Explainer
The 4 types of AI agent memory: semantic, episodic, procedural & working
AI agents borrow their memory model from human cognition. Understanding the four types — and which are long-term — is the key to building agents that don't start from zero every session.
AI agents use four types of memory adapted from human cognition: semantic memory (facts and knowledge), episodic memory (past events and interactions), procedural memory (learned skills and behaviors), and working memory (the transient state of the current task). The first three are long-term and must be stored outside the model; working memory is short-term and lives in the context window. This taxonomy is formalized for language agents in the CoALA framework (Cognitive Architectures for Language Agents).
1. Semantic memory — facts and knowledge
Semantic memory holds general facts, independent of when or how they were learned. For a human, that’s knowing Paris is the capital of France. For an agent, it’s the durable facts about a user, domain, or entity: the customer is on the Enterprise plan, this codebase uses TypeScript, the company’s fiscal year starts in April. Semantic memory answers the question “what is true?”
2. Episodic memory — events and experiences
Episodic memory records specific events tied to a time and context. Where semantic memory stores the fact, episodic memory stores the moment: on March 3, the customer asked to downgrade after a billing issue. This is what lets an agent say “last time we spoke, you mentioned…” instead of treating every conversation as the first. Episodic memory answers “what happened?”
3. Procedural memory — skills and behavior
Procedural memory is knowing howto do something — the agent’s learned behaviors, workflows, and tool-use patterns. For a human it’s riding a bike without thinking about it. For an agent it’s the accumulated know-how of how this team formats a release note or which steps a refund requires.
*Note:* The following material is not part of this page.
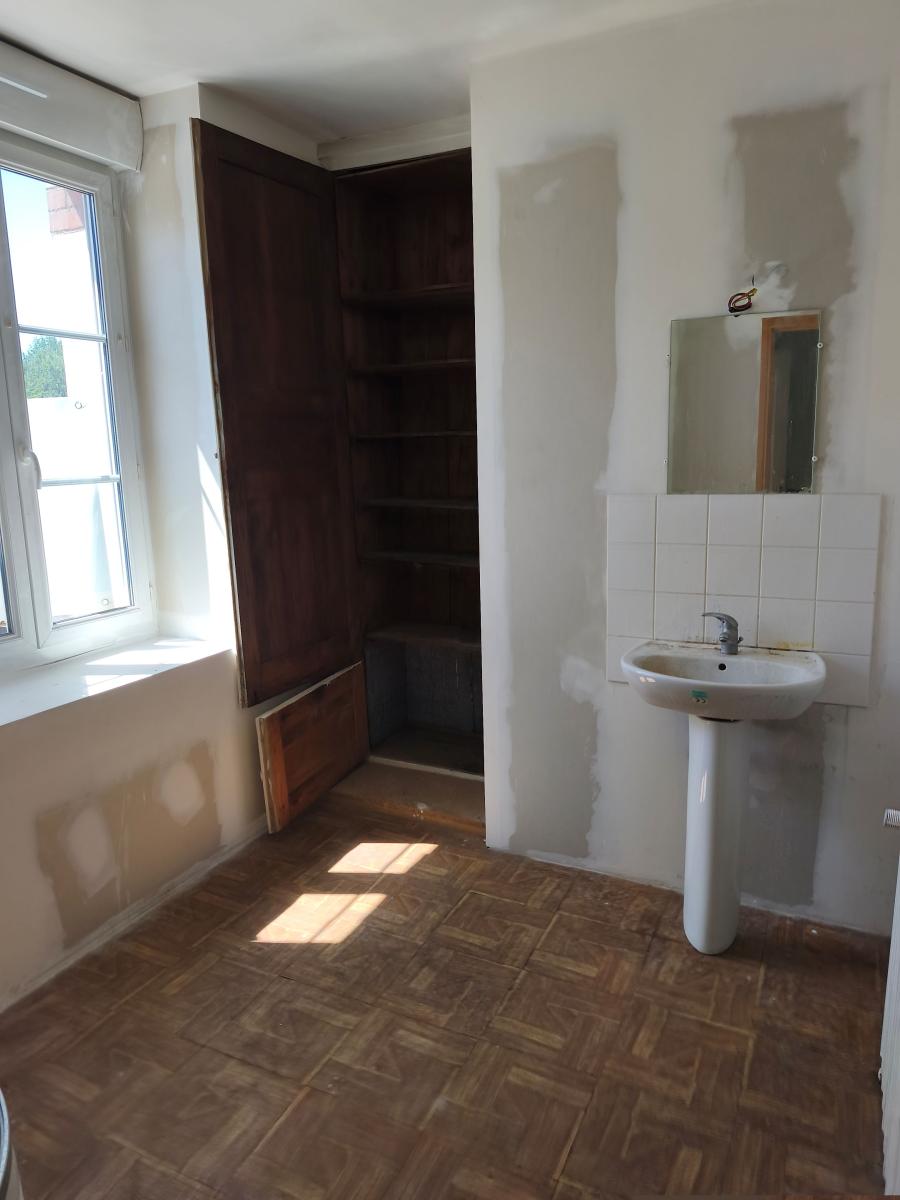 Maison de bourg de 3 pièces principales. Le rez-de-chaussée est composé d'un séjour avec cuisine, dégagement, wc. Le 1er étage : palier, une chambre, salle d'eau, wc. Au 2ème étage : palier, une pièce et grenier. Chauffage central fuel. DPE : F.

Procedural memory answers “how do I do this?”
4. Working memory — the current context
Working memory is the short-term scratchpad: the current conversation, the task at hand, whatever is in the model’s context window right now. It is fast and immediate but transient — when the session ends or the context window fills, it is gone. Working memory is nota substitute for long-term memory, and confusing the two is the most common reason agents “forget.”
The four types at a glance
| Memory type | Stores | Example | Lifespan |
|---|---|---|---|
| Semantic | Facts & knowledge | Customer is on the Enterprise plan | Long-term |
| Episodic | Events & interactions | On Mar 3 they asked to downgrade | Long-term |
| Procedural | Skills & behavior | How this team writes release notes | Long-term |
| Working | Current task state | The active conversation | Short-term (context window) |
How agents use memory
The three long-term types live outside the model. At query time, the relevant memories are retrieved into working memory (the context window), the LLM responds, and new facts are captured back — a loop that lets the agent compound knowledge over time.
Long-term memory
stored outside the model
Working memory
the model's context window
LLM
generates the response
Why typed memory matters
Many memory systems store everything as one undifferentiated pile of embeddings and rely on similarity search to guess what is relevant. Keeping the types separate — a typedmemory model — makes retrieval more precise (you can ask specifically for facts vs. events), and it makes memory auditable: you can see what an agent knows, where each memory came from, and remove it on request. That last point matters most in regulated industries, where “prove the agent forgot this” is a real requirement.
This is the model behind OctaMem’s memory layer: semantic, episodic, and procedural memory stored as typed records with provenance, retrievable across sessions, models, and tools. If you want to try it in practice, see how to add persistent memory to Cursor and Claude.
Frequently asked questions
What are the types of memory in AI agents?
AI agents draw on four memory types adapted from human cognition: semantic memory (facts and knowledge), episodic memory (past events and interactions), procedural memory (learned skills and behaviors), and working memory (the transient, in-context state of the current task). Semantic, episodic, and procedural are long-term; working memory is short-term and lives in the model's context window.
What is the difference between semantic and episodic memory?
Semantic memory stores general facts independent of when they were learned ('the customer is on the Enterprise plan'). Episodic memory stores specific events tied to a time and context ('on March 3, the customer asked to downgrade'). Semantic answers 'what is true'; episodic answers 'what happened'.
Is the context window the same as memory?
No. The context window is working memory — it holds only the current conversation and is lost when the session ends or the window fills. Long-term memory (semantic, episodic, procedural) must be stored outside the model and retrieved back into context when relevant. That is what a persistent memory layer provides.
How do agents store long-term memory?
Long-term memory is stored in an external system — a database, vector store, knowledge graph, or a dedicated memory layer — and retrieved into the model's context at query time. Systems differ in whether memory is inferred automatically by an LLM or written as explicit typed records with provenance.